My family used to play a cheesy game at the dinner table, where we'd go around the table and everyone got a chance to say the highlight and lowlight of his or her day. In Rex-family fashion, allow me to share with you the high and low lights of Rev Gen 2009. Let's look on the bright side first.
We sat in on Paul Colman's set purely because we wanted to have good seats for Jon Foreman's set, which was next. But Paul turned out to be one of the most entertaining individuals I've had the good fortune to see. We later talked to him and he said he'd love to come play a show at our school. WIN!
Jon Foreman played us a song about being an outlaw, which he literally wrote in his sleep. He also played a number on some wacky variation of a harp, which a friend had given him earlier that day and which he hadn't even had a chance to tune. Somehow the song was still brilliant. Probably because he's Jon.
No one moshed for Relient K, which I'm sure was as sad for the band as it was for me. Nonetheless, it was as great a set as always, made all the more amusing by the fact that the lead singer (Matt Thiessen)'s hair gets more wild every time I see them.
Switchfoot closed out the day with a set that would've sent the Richter scale scrambling for cover. Jon alternated between climbing the scaffolding and swinging drummer Chad Butler's cymbals around the stage, and pausing to ask everyone to look up at the stars for a minute while words of wisdomatic gold dripped from his lips. "We don't know why the dry times come," he said, "but those are the times that force us to dig deeper below the surface."
If you want all the juicy details (and lots of exciting pictures!), go here and here! Remember to click on "Entries" when you get there!
Now for the lowlight. I think this accusatory letter, which I sent to the people at Rev Gen last night, pretty much sums it up:
"...we purchased Switchfoot Interview Passes at $15 apiece and we did not receive what we paid for. The item was called "Interview Pass" on the website. So, naturally, we walked into Tent 7 expecting to see an interview with Switchfoot. Wouldn't you? Imagine our disappointment, then, when only half the band was present and the frontman, the one responsible for writing the songs, was conspicuously absent. All right, there's a little disclaimer at the bottom of the ticket saying interview times are subject to artist availability, so it would hardly be fair to lodge a complain purely on that basis.

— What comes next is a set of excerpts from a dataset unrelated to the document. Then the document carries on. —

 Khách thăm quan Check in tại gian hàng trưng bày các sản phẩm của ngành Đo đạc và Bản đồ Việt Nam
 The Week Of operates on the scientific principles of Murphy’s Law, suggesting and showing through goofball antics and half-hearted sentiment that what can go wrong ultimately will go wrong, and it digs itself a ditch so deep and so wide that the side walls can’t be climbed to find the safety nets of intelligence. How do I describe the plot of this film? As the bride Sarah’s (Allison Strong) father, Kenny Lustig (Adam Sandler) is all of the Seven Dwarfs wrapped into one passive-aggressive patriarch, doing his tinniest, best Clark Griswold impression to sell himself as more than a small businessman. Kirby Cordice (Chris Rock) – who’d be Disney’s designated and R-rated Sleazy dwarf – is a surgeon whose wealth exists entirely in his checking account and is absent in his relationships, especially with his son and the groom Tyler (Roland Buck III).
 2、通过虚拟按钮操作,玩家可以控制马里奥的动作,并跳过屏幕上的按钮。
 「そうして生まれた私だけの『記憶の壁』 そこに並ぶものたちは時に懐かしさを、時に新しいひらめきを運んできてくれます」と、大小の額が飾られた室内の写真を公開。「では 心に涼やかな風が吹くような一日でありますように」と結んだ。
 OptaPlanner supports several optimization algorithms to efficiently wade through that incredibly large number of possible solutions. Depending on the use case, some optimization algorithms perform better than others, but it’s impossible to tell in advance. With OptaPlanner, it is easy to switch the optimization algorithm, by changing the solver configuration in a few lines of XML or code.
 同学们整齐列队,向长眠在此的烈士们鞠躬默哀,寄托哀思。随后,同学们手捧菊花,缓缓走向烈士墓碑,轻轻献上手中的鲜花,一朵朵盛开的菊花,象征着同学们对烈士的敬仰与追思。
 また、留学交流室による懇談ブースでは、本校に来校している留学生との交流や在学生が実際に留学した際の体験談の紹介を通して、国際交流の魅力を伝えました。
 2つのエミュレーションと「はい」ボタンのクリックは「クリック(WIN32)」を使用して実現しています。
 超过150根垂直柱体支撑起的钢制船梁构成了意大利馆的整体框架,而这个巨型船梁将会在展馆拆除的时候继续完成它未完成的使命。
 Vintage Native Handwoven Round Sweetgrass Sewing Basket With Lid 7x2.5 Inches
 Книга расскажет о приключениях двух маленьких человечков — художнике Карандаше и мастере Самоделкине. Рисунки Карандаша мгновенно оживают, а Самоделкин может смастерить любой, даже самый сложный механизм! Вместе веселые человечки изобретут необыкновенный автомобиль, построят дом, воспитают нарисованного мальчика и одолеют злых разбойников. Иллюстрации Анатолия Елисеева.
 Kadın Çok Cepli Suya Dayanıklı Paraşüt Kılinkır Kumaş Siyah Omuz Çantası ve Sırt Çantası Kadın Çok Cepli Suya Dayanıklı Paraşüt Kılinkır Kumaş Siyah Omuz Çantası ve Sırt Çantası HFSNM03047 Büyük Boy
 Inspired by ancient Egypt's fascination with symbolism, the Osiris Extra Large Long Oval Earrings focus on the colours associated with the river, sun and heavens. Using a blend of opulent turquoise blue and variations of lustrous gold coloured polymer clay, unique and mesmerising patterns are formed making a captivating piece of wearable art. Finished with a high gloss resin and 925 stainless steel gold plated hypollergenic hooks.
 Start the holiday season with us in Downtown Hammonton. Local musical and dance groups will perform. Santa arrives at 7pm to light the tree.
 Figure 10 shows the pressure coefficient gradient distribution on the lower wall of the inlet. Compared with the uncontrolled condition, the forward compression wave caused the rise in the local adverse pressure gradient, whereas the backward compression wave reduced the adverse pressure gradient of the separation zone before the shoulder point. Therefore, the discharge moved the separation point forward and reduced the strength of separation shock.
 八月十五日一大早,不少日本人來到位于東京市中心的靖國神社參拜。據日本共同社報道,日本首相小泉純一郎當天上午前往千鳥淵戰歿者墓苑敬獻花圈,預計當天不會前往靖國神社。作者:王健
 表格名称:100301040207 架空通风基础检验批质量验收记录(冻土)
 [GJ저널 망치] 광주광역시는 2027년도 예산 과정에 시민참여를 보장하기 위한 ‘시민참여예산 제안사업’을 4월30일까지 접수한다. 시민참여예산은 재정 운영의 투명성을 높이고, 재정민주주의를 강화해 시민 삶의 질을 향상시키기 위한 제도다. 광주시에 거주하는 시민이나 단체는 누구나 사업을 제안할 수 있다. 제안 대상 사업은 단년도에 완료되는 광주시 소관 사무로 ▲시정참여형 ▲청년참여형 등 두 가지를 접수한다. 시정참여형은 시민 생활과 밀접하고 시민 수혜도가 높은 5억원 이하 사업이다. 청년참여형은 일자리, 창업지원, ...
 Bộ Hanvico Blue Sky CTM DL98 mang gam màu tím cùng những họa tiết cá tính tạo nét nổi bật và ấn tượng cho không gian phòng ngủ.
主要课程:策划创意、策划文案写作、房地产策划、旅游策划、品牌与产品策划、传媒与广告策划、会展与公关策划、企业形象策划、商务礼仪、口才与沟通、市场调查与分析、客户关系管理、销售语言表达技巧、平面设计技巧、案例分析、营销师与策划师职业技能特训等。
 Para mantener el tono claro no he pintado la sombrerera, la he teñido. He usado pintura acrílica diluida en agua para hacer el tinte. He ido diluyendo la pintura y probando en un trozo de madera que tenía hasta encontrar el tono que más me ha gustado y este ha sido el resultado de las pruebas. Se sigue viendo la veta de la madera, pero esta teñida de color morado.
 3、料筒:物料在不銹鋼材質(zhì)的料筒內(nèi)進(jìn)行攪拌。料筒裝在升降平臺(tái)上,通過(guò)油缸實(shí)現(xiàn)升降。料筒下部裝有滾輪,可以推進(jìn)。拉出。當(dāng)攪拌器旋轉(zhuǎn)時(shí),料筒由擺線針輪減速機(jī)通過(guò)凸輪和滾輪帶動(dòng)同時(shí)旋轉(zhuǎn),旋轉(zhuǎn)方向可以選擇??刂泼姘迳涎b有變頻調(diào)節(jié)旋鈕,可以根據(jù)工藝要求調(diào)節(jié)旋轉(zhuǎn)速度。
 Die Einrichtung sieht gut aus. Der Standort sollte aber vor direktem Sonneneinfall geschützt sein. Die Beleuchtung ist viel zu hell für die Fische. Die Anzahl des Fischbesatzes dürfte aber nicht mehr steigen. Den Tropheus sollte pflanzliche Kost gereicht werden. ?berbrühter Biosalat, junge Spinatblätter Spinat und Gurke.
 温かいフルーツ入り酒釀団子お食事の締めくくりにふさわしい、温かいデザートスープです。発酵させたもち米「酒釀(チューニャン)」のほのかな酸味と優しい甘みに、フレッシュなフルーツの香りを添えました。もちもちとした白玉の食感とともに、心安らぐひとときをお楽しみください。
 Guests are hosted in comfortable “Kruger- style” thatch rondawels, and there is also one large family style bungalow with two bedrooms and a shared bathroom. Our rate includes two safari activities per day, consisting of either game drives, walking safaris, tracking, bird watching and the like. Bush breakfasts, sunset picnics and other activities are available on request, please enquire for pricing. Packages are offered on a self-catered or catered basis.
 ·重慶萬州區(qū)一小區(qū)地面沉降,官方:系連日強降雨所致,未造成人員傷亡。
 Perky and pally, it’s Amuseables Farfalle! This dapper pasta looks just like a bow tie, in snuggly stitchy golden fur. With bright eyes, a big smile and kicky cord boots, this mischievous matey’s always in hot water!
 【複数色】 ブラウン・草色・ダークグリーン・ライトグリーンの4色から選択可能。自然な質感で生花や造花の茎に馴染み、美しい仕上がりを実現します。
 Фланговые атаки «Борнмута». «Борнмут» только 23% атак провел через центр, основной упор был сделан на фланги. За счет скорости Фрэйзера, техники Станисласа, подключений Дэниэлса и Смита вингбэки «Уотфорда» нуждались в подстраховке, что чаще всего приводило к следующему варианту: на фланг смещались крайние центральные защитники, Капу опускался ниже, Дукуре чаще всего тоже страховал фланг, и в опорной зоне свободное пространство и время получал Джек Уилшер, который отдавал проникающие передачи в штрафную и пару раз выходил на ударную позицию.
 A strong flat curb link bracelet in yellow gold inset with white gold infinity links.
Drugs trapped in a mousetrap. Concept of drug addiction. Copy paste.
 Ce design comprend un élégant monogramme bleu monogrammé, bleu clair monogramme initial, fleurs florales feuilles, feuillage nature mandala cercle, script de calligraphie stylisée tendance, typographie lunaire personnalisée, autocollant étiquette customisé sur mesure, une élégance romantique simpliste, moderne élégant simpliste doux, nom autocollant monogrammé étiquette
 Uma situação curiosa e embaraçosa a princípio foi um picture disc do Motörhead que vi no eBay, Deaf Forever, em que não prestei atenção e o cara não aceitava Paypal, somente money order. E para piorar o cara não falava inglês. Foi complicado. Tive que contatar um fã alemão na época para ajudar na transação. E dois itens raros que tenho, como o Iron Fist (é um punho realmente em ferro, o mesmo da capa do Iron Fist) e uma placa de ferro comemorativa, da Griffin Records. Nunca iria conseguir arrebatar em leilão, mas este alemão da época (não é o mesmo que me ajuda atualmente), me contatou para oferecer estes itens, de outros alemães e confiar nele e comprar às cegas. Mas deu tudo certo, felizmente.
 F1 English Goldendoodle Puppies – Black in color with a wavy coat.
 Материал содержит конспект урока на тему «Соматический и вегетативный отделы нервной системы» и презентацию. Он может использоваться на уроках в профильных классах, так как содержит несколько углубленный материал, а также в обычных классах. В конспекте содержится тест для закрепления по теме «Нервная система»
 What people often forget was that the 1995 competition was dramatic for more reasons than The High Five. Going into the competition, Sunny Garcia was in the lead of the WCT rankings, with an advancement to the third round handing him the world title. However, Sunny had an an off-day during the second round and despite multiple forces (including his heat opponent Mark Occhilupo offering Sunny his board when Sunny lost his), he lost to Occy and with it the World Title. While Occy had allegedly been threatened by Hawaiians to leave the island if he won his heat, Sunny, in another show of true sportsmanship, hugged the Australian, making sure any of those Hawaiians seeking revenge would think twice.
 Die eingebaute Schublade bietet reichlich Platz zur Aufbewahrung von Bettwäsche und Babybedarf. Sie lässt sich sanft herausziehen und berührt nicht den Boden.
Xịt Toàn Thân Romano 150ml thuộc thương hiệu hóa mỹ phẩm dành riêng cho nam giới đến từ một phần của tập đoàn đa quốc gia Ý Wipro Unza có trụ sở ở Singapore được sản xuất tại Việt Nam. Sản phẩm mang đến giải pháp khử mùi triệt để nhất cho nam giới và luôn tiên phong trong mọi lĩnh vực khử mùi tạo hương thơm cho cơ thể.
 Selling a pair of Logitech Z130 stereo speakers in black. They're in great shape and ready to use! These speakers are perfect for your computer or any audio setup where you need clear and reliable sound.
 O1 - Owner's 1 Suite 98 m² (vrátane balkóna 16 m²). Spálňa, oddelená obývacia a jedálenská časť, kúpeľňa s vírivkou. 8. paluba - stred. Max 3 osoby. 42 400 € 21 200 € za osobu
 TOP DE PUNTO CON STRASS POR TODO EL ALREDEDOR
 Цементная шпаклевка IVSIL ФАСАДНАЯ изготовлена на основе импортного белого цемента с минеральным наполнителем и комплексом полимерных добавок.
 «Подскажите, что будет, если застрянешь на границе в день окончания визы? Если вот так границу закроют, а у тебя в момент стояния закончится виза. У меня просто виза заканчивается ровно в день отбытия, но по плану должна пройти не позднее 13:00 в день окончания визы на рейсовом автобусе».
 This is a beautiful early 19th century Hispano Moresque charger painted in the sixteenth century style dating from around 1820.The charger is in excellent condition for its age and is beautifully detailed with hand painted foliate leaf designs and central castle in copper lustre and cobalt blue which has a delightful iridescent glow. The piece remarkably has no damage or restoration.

But then the interview was cut off after ten minutes of surface-level questions whose answers could have been found on Wikipedia in under two minutes, so that the man hosting the interview can tell us about his daughter who died in a car accident and how her death taught him to seek hope from God. A wonderful message. I truly am sorry for his loss and I truly am glad that he found hope in spite of it. But this was not the time or place to discuss such matters, as the fans under the tent had paid money to watch an interview with Switchfoot. And then he had the gall to try and convert us to Christianity. At a Christian festival.
His sermonette was out of place and condescending. I have never felt so emotionally manipulated in my life. Moreover, it was dishonest and unjust to take kids' money and not deliver what was promised. This is the least Christian thing anyone has done to me in quite some time...."
Total LAMESAUCE, right?! And worse than the injustice to us, it was disrespectful toward the band (or anyway, the half of them that were there.) I know this because I'm a journalist. You don't ask people questions you could've looked up answers to. It's a waste of the interviewee's time and it makes you look unprepared, uninformed and unprofessional. The poor guys were bored silly. Joanna and I agreed that Drew was definitely texting under the table.
But the rest of the day was so wicked awesome that getting ripped off, driving 16 hours, and sleeping just ten across the entire weekend WAS SO FANTABULOUSLY WORTH IT!
2 comments:
Weaksauce indeed. But kudos on sending a letter of complaint.
And here's to your folks for playing a "cheesy" game that you remember fondly enough to continue to this day. Yeah for the family dinner! Maybe they could retroactively adopt me? Oh, wait. We had family dinners, but I mostly remember shoveling food.